Trama:
Un cane-lupo corre tra i ghiacci dell’Antartide per sfuggire agli inseguitori e trova rifugio presso una base americana. Dopo che i due inseguitori sono morti tragicamente, si scopre che erano norvegesi e si decide di andare nella loro stazione per scoprire il motivo della caccia al cane. Arrivati alla base norvegese, gli americani si trovano di fronte a uno scenario allucinante: la stazione è in rovina e uno degli occupanti si è suicidato. Intanto nella loro base l’animale è messo in una gabbia insieme a altri cani che cominciano a abbaiargli contro. Uno degli uomini vede il cane trasformarsi in una cosa mostruosa. Gli altri accorrono e bruciano la cosa. Poi si scopre una videocassetta che spiega cos’è successo nella stazione norvegese. I norvegesi avevano scoperto un’astronave aliena e scongelato i resti dell’occupante. Da questo momento tra gli americani si insinua il sospetto che la cosa sia entrata nell’organismo di qualcuno. Il primo sospettato è quello che s’è occupato del cane. Uno di loro si trasforma in una cosa mostruosa e è subito incenerito dai compagni, ma il terrore è talmente pregnante che un altro impazzisce e è rinchiuso in una baracca fuori dalla base. I sospetti cadono ora sull’uno, ora sull’altro in un’atmosfera di snervante incertezza. Si decide di fare una prova per scovare la cosa: ognuno dà un po’ del proprio sangue che messo a contatto con qualcosa di caldo verificherà se le cellule sono umane o alterate. Durante la prova uno degli uomini sviene e dal suo ventre esce la cosa che a uno a uno inghiotte anche gli altri. Solo due riescono a sfuggire alla cosa e decidono di fare saltare la base con la dinamite per neutralizzare definitivamente l’entità aliena. Il film termina con i superstiti che attendono la morte per assideramento tra le rovine della base.
Recensione:
Il film è il rifacimento di “La cosa venuta da un altro mondo” (1951) di Howard Hawks, anche se presenta la tipica impronta carpenteriana. La cosa è la risposta negativa e pessimista a E.T. (1982) di Steven Spielberg che esce nello stesso periodo, condannando il lavoro di Carpenter a un triste destino. Con “La cosa” Carpenter si stacca dall’immagine fiabesca e rassicurante dell’alieno di Spielberg, proponendo un’entità che s’insinua nell’organismo umano, alterandolo mostruosamente.
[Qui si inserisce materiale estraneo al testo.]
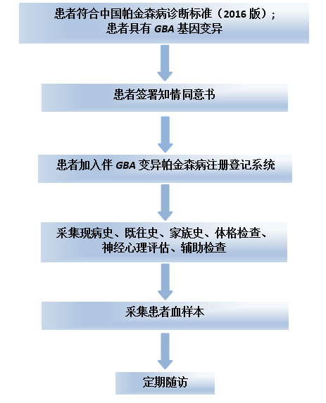 PD患者经中南大学湘雅医院或指定医院专家确诊,并行GBA基因检测明确具有GBA基因变异后,可加入中国伴GBA变异帕金森病注册登记研究,进行详细的临床评估、辅助检查、定期随访。具体内容如下:
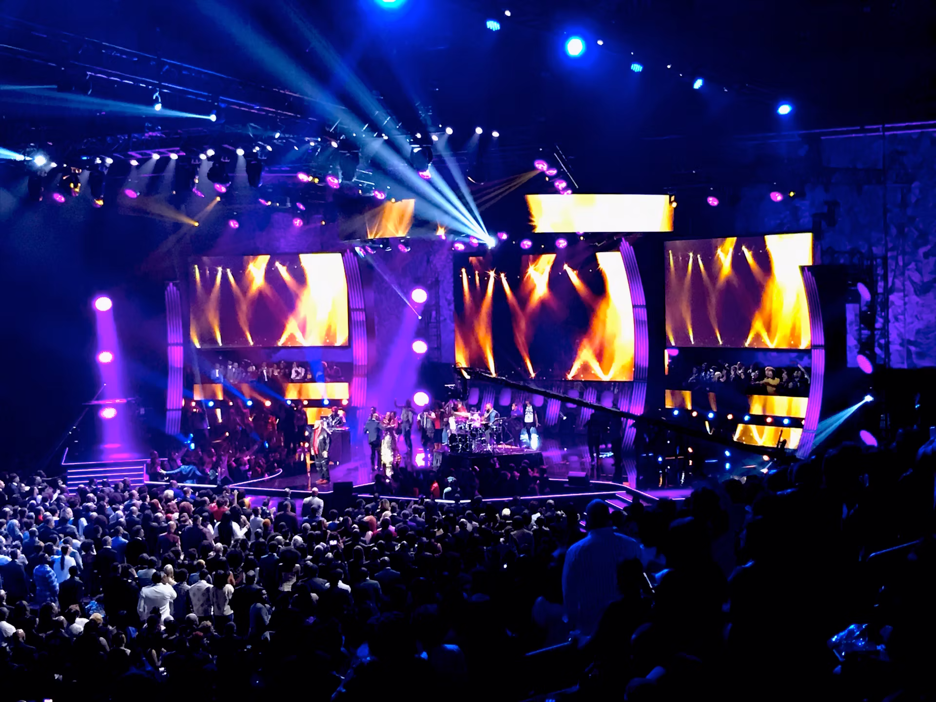 Central City Productions asked us to create a new production design concept for the Stellar Awards. Working closely with director Michael Johnson, we developed a large performance space with sweeping back-lit columns, a curved video header, a ground row piece that included cut-outs for Mark Carver's floor lighting fixtures, multiple video displays, two "pits" for audience interaction at the feet of the artists and two locations upstage with energetic audience members. We also included a custom installation of our proprietary Edgelight product around the perimeter of the stage and the outside staircases. Christian Scenic built all the necessary staging and we fabricated all of the scenic pieces in house.
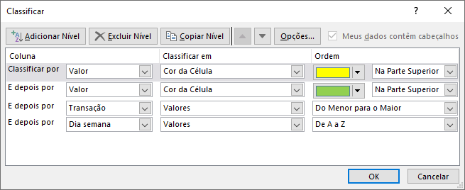 Existem opções mais avançadas, como classificar por cor:
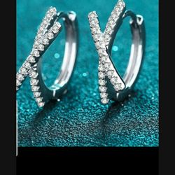 Real Silver Zircon Diamonds Hoop Earrings $25Perris, CA
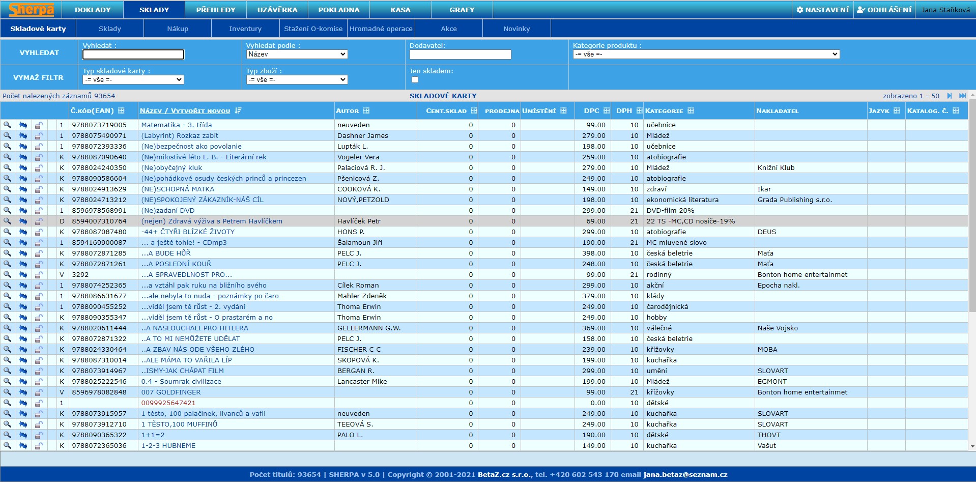 Tvorba a obsah skladové karty je dán léty zkušeností a zpětné vazby uživatelů. Obsah a rozsah je z pohledu knižního trhu velice robustní a obsahuje všechny důležité informace o zboží.
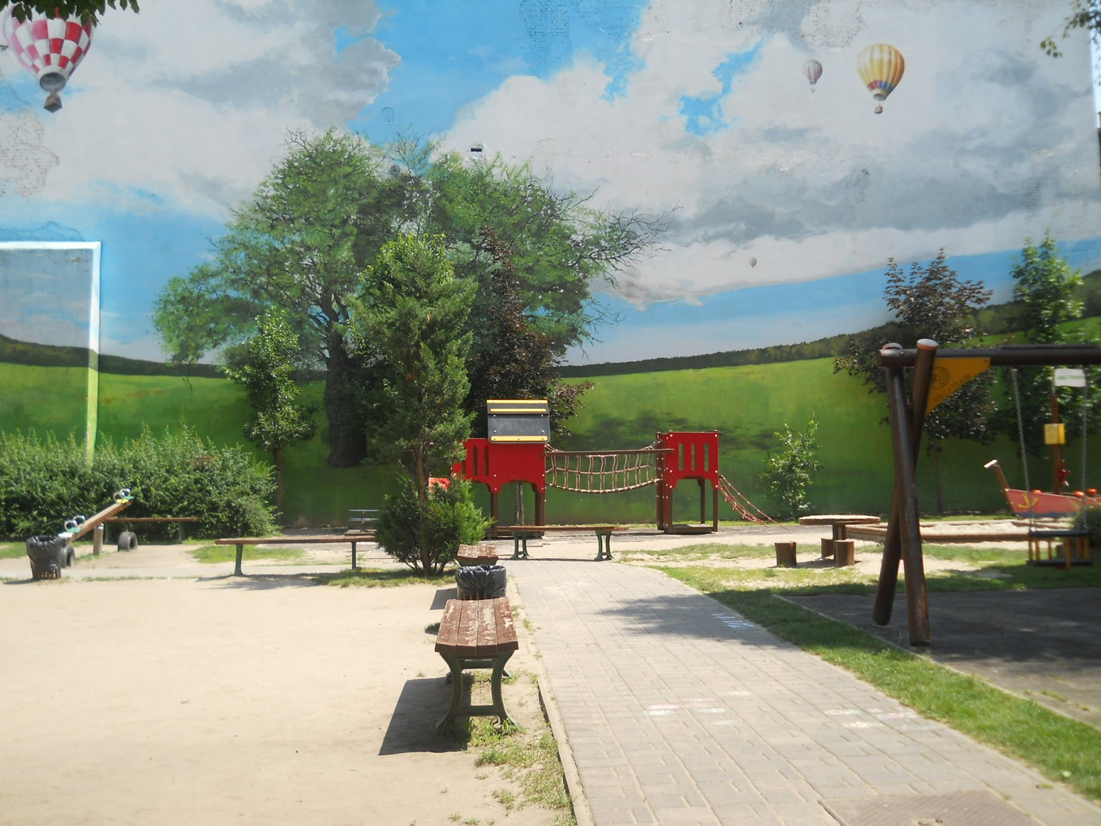 Am trecut pe langa un frumos parc pentru copii, realizat pe locul unei cladiri vechi, iar tot zidul celeilalte cladiri a fost vopsit foarte frumos, cu baloane de aer, creand un spatiu special.
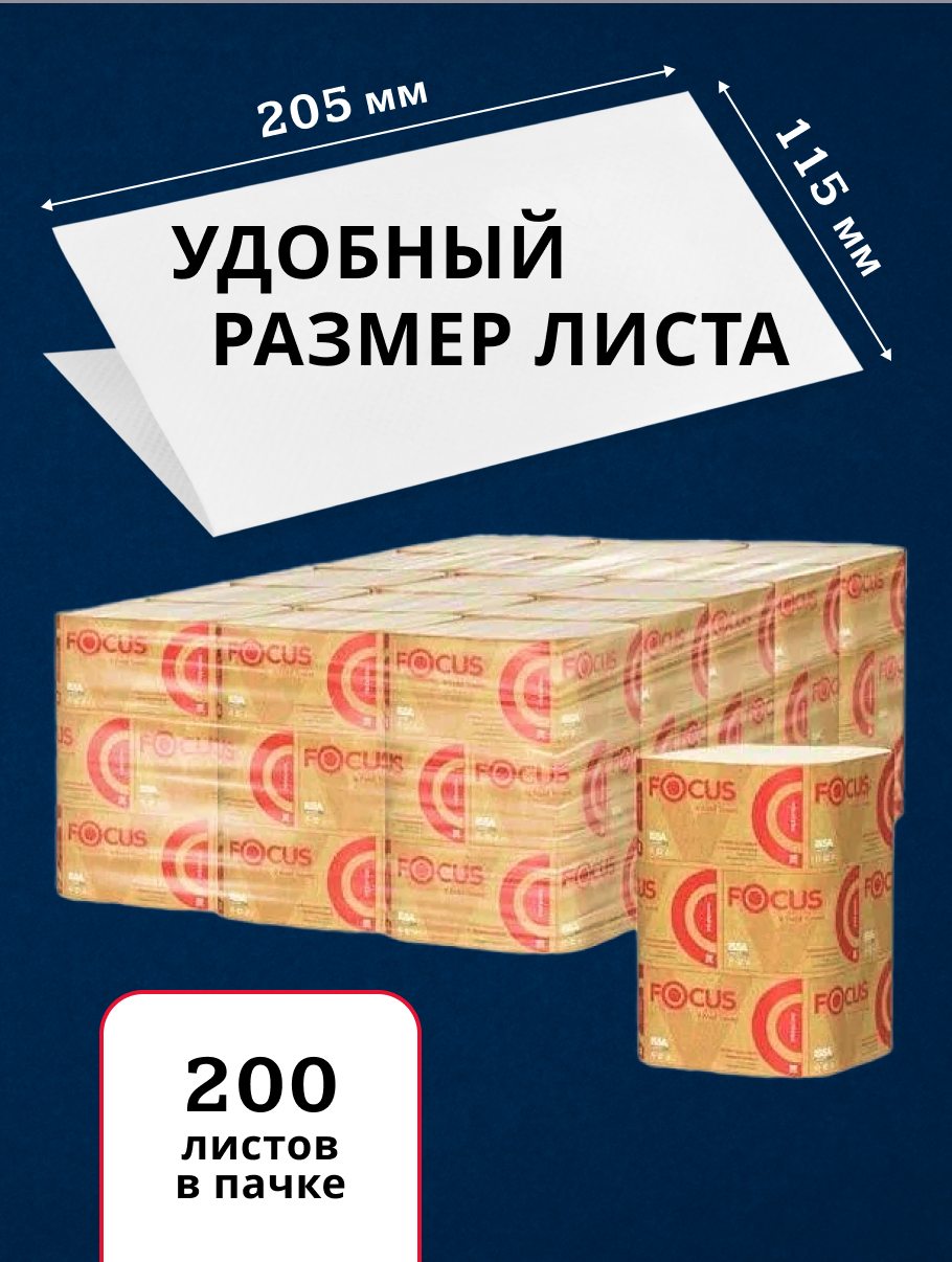 Полотенца бумажные листовые Focus Premium V-сложения 2-слойные 15 пачек по 200 листов Сложенные полотенца Focus размещаются в компактном диспенсере, который подойдет под любой интерьер. Листовая подача полотенец поможет лучше контролировать расход и обеспечит максимальную гигиеничность: полотенца выдаются поштучно, что исключает соприкосновение рук со следующим листом. Бумажные листовые полотенца - рациональное решение для мест с высокими требованиями к чистоте и гигиене. Упакованная в полиэтиленовый короб бумажная продукция подвержена меньшему влиянию окружающих факторов при транспортировке. Размеры: размер листа 20.5х23 см, размер пачки 20,5х10,7х11,5 см.

Guardando “La cosa”, si percepisce chiaramente lo stato d’animo del regista e il suo messaggio: un pessimismo cosmico che domina su tutto. La scelta di un luogo sperduto e isolato ai confini del mondo come l’Antartide è la conferma di questa sensazione. Sul set di Carpenter il continente di ghiaccio diventa un’Ultima Thule che non funge da rifugio per l’umanità, ma è il luogo da cui la cosa può diffondersi su tutto il pianeta. E’ il contrario di ciò che il regista giapponese Kinij Fukasaku ha espresso in “Virus: Ultimo rifugio Antartide” (1980), dove l’Antartide diventa l’ultima spiaggia di un’umanità auto-estintasi. Il pessimismo della Cosa, che in qualche modo rispecchia quello del regista per le frustrazioni subite dopo “Fog” (1979), raggiunge il suo culmine estetico nel finale. La scena conclusiva richiama alla mente un mondo di macerie tra cui si aggirano zombi senza meta. Credo che nell’horror non si sia mai raggiunta una così alta vetta di negatività. Gli ultimi fotogrammi del film sembrano il ritratto di due figure anonime che attendono la fine nella vastità ghiacciata della notte.Una nota originale del film è sicuramente il cast; credo che nella storia del cinema sia l’unico film con un cast esclusivamente maschile. Pensate che la critica specializzata ha visto in ciò un sottofondo di omosessualità del regista … Cari compagni, se avete già letto alcune delle mie recensioni precedenti, sapete cosa ne penso della critica specializzata, quindi mi fermo qui.